The quiet was absolute. Not even a breeze blew through the old buildings. We passed a warehouse, doors yawning open, the concrete floor covered with broken pallets and mildewing heaps of burlap. In a narrow alley between two picturesque and thoroughly broken-down chalets lay an abandoned Ford sedan, stripped to body and frame. It had keeled over on a jack that had finally let go, after who knew how many decades.

Near the back of the town, separated from the other buildings, we found an office for the Thuringia Courier-Journal, a pretentious name for what I presumed was a one-sheet devoted to small-town flackery. Still, the door had not been boarded, and I thought it might be worth a look inside.

“Think the sheriff will mind?” I asked. I prepared to make a run at it with my shoulder.

“That’s stupid,” Lissa said. “You’ll break something.”

I flexed my muscles. “Man of steel,” I said.

The wood was old and weak, and the door gave with one slam. Dust flew everywhere. Pulling down a triumphant fist, I stepped into the darkness. As my eyes adjusted, I stared at stacks of posters, boxes filled with handouts, and a small gray desk.

I carried a poster and pamphlet into the sunlight.

“’Thuringia Farms, We ship everywhere,’” I read. “’Christmas, Thanksgiving, Any Holiday Occasion! World Famous Fruitcake, Walnut and Almond Baskets, Dried Fruit Samplers. Candified Oranges, Pineapple’—”

“’Candified’?” Lissa smirked.

“That’s what it says. ‘Dates and Olives, Deluxe Pitted Prunes from California’s Golden Hills. Satisfaction Guaranteed.’”

“Keeps you regular,” Lissa said.

“’Copyright 1950.’”

I held up the poster:

WELCOME TO PARADISE THURINGIA!

SUN AND SPA, THERMAL SPRINGS

HEALTHY LIVING

AMERICA’S NEW VIGOR CAPITAL

Female bathers in polite Esther Williams suits posed on rock walls and dipped their feet into a steaming pool. All smiles. Vigor and white teeth and fifties-style pillar thighs everywhere.

“Let’s find the bathhouse,” I suggested. “Looks sociable.”

“Let’s not and say we did,” Lissa said. But the light words did not cover her pallor. She didn’t like the place one bit.
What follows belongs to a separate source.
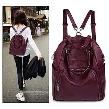 UTO Women Backpack Purse PU Washed Leather Convertible Ladies Rucksack Crossbody Shoulder Bag Red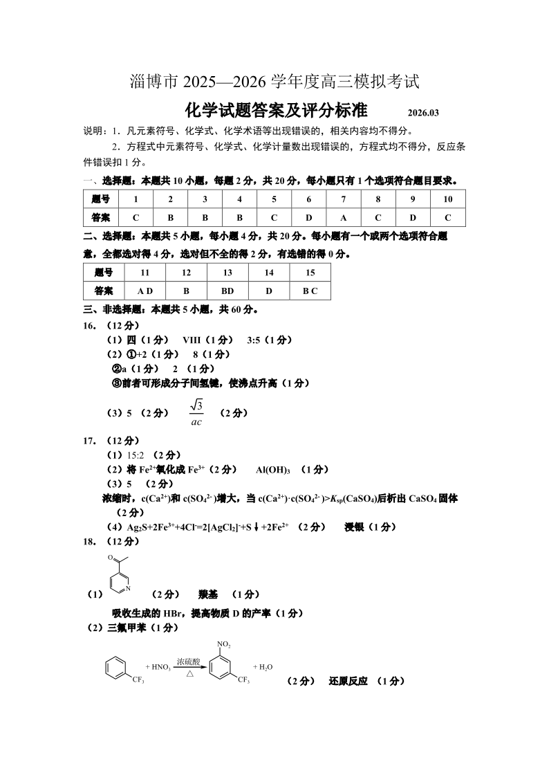 淄博市2025-2026学年度高三模拟考试 化学答案.pdf

To me, it seemed sad and stupid but, so far, no cause for alarm.

The spa was a brick-and-stone blockhouse on the east end of town. Another run of chain link surrounded it, this time with a locked gate, and an even larger sign announced, NATURAL POLLUTION SITE. There was more detail in fine print:

WARNING.

DO NOT BATHE OR DRINK FROM SPRINGS.

CALIFORNIA STATE DEPARTMENT OF HEALTH

And below that, in heavy block letters,

BACTERIAL CONTAMINATION.

“Curious?” I asked.

“No,” Lissa said.

I took the rock and whacked at the lock on the gate. It broke after three tries, and the gate opened with a shrill whine. Lissa followed a few steps behind.

The main entrance had been bricked up, but around the side, a service door sported another latch and lock. That one took five whacks. I grabbed the hanging lock and pulled the door wide, then peered into the darkness.